The whitelist should include each IP address on a separate line. You can also include a range of IP addresses. For example:

38.39.23.40
38.39.23.48
38.39.23.50-38.112.23.69
38.39.23.100-38.112.23.199

You can use subnet masks in Dot-decimal notation, such as:

38.39.23.50/255.255.255.0

You can also use CIDR block notation, such as:

38.39.23.50|24

38.39.23.50/24

Video Cloud content

When using the Playback API to retrieve content from a Video Cloud account which is configured for IP restrictions, you must use the following instead of the standard URL:

https://edge-elb.api.brightcove.com/playback/v1

Use edge-elb.api... vs the normal edge.api...

Implementation details

When a Brightcove Player is asked to load a video from a Video Cloud account, it connects to the catalog at this address:

https://edge.api.brightcove.com/playback/v1/.

Here is how that URL behaves:

When hitting Edge from within North America, it hits Edge directly, and Edge sees the user's IP address. It can either allow or deny access to the catalog as per the IP Restriction whitelist. This is the desired behaviour.
When hitting Edge from outside North America it goes via Cloudfront for load-balancing/local caching CDN reasons. This causes issues because Edge sees the Cloudfront IP instead of the user's IP, and denies all requests.

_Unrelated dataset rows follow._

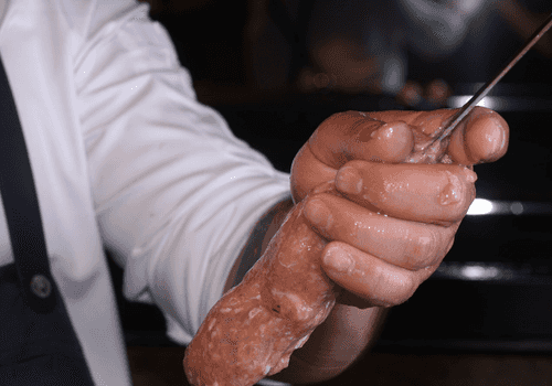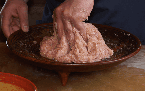 Замешивать фарш, собирая его ребром ладони от краев к середине, минуты 2–3. Проверить, стал ли фарш эластичным: для это собрать его с краев и, взяв в горсть, потянуть вверх, фарш должен слегка тянуться, а не сразу падать обратно в миску. Тут лучше недомешать, чем перемесить: если фарш нагреется, то жир начнет плавится, и сочного кебаба не получится. Готовый фарш убрать в холодильник на 3–4 часа.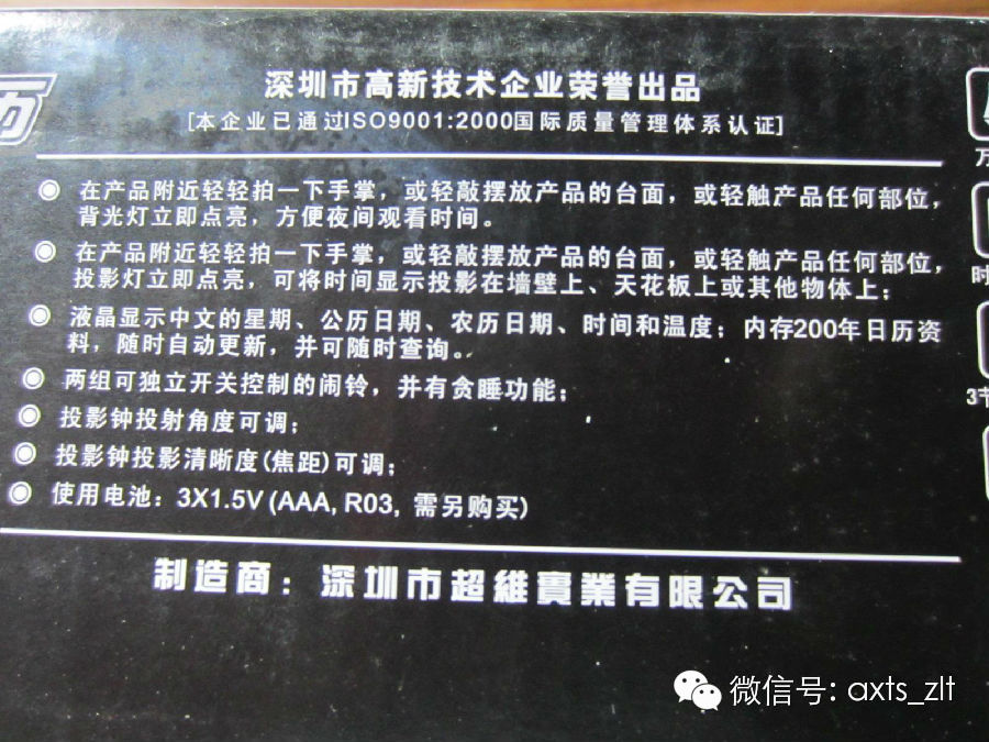 宝贝3:声控投影万年历,义卖价:60元(共5个)
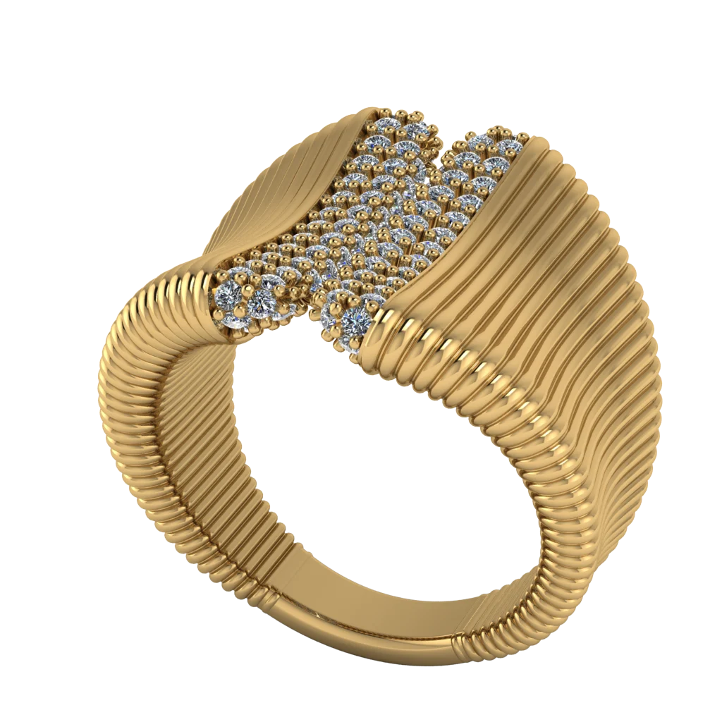 Кольцо с ребристой шинкой и паве-вставкой в виде капли — динамика линий и сияние.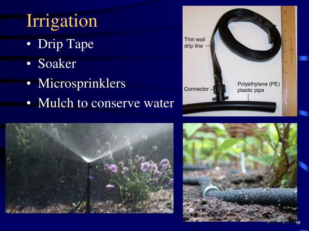 Irrigation • Drip Tape • Soaker • Microsprinklers • Mulch to conserve water

This is because Cloudfront isn't on the whitelist (and never should it be because then anyone using Cloudfront would have access).

There is an alternative endpoint for Edge that can remedy this situation for non-North American customers. The endpoint is:

edge-elb.api.brightcove.com.

The downside to this approach is that it will introduce a very slight delay to the retrieval of cached content from outside of the US because catalog requests will be going to Virginia in the U.S. rather than through Cloudfront's global network of local servers. It's likely that this will be barely noticeable, but it's worth considering and testing. Content itself will be delivered as normal, from local servers. When accessing from North America or through an North American proxy, there will be no change in performance at all.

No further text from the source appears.